At the end of the experiment, each rat was anesthetized with Euthetal and perfused transcardially with PBS, followed by 4% paraformaldehyde. The brain was postfixed in paraformaldehyde for a minimum of 2 h before being transferred to 30% sucrose in 0.2 m phosphate buffer and left overnight. Coronal sections were cut at 50 μm on a cryostat and stained with cresyl violet. Cannula locations were checked against standardized sections of the rat brain. Histological examination confirmed that infusions were made into the perirhinal cortex (Shi and Cassell, 1999) in all cases. From unpublished observations in the laboratory, using Indian ink and biotinylated oligonucleotides for visualization, the region infused is estimated to be 1–1.5 mm3, with the region being primarily confined to the perirhinal cortex. This spread is consistent with previously quoted results in other brain regions (Martin, 1991; Izquierdo et al., 2000; Attwell et al., 2001).
Results
The selective kainate (GLUK5) receptor antagonist UBP302 (1.5 mm) was infused locally into a rat's perirhinal cortex via bilaterally implanted cannulas (Warburton et al., 2003) (Fig. 1). Recognition memory was measured by the preferential exploration of a novel rather than a familiar object (Ennaceur and Delacour, 1988), using delays of 20 min and 24 h.
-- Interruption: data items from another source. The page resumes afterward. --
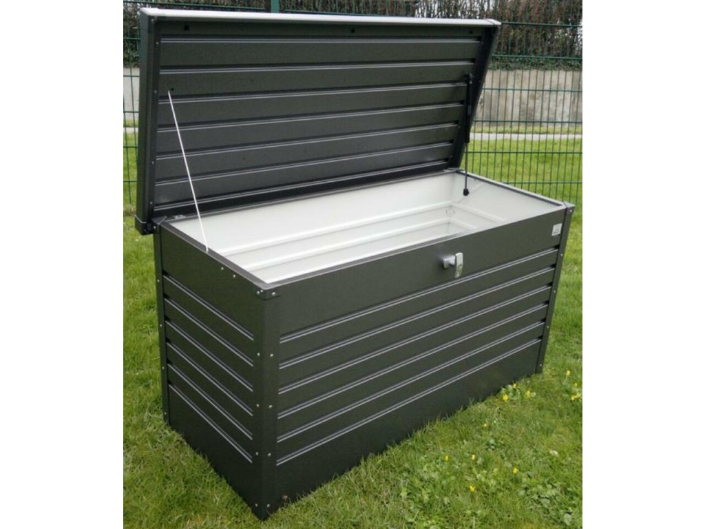 Štýlový úložný box FreizeitBox prémiovej kvality, ktorý vyhovuje aj nárokom modernej architektúry je ideálny na uloženie sedákov, lehátok, skladacích stoličiek, hračiek, športových a kempingových doplnkov. Box je široký 101 cm a 46 cm hlboký. Úložné boxy FreizeitBox ponúkame v piatich farebných prevedeniach a štyroch veľkostiach. Vďaka tomu sa môže stať FreizetBox aj dizajnovým prvkom na vašej záhrade, terase, pri bazéne alebo v pergole.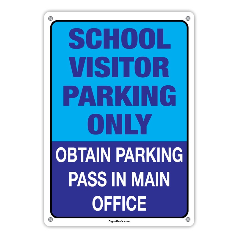 1. Metal: Crafted for durability and longevity, our Metal sign ensures a sleek and professional appearance, perfect for clearly designating parking for school visitors only and directing them to obtain a parking pass in the main office. Its weather-resistant properties guarantee visibility and effectiveness both indoors and outdoors.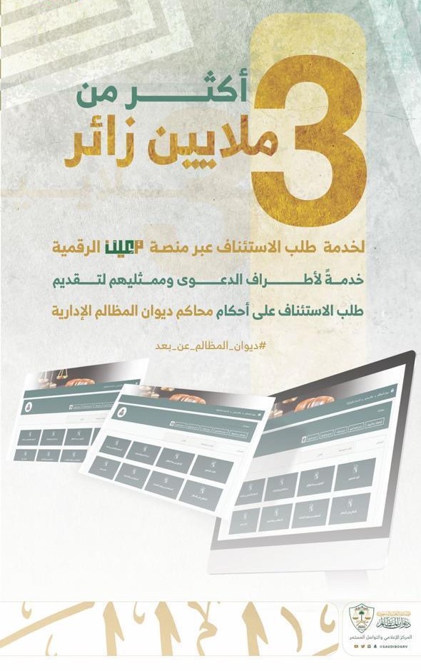 بلغ عدد زوار خدمة طلب الاستئناف في منصة معين الرقمية التابعة لديوان المظالم أكثر من 3.200.000 زائر منذ إطلاقها عام 1439هـ، حيث تُقدم منصة معين الرقمية خدمة طلب الاستئناف كواحدة من عِدة خدمات يرتكز عليها عمل المنصة في تنظيمات التقاضي الرقمي وتيسير كل متطلباته عن بعد للمستفيدين.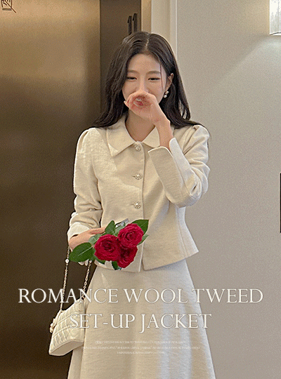 浪漫史 镶钻 扣子 羊毛 粗呢 Set-up 夹克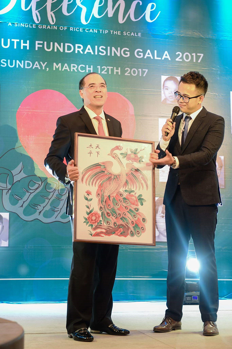Bác chủ tịch khách sạn Elegant Suites đã mua bức tranh “Thiên Hạ Thái Bình” của Xuân Lam với giá 50tr VNĐ để ủng hộ cho quỹ từ thiện Dartmouth

For each delay, UBP302 or vehicle was infused 15 min before the initial familiarization with an object to investigate the effect of blocking kainate receptors during the familiarization (acquisition). Analysis of exploration behavior at the subsequent test indicated a significant interaction between treatment (drug or vehicle) and delay (ANOVA: F(1,12) = 7.5, p < 0.02). Further analysis revealed that for the UBP302 group, recognition memory was impaired compared with vehicle controls after a delay of 20 min (ANOVA: F(1,6) = 20.5, p < 0.005) but not when the delay was 24 h (F(1,6) <1; p > 0.1) (Fig. 2). Indeed, the performance of the UBP302-treated group differed significantly at the two time delays (F(1,12) = 5.19; p < 0.05). Drug infusion 2 min after acquisition with the test at a 20 min delay did not impair familiarity discrimination, so that UBP302 did not impair consolidation or retrieval mechanisms (Table 1). The drug was without effect on exploration levels (Table 2).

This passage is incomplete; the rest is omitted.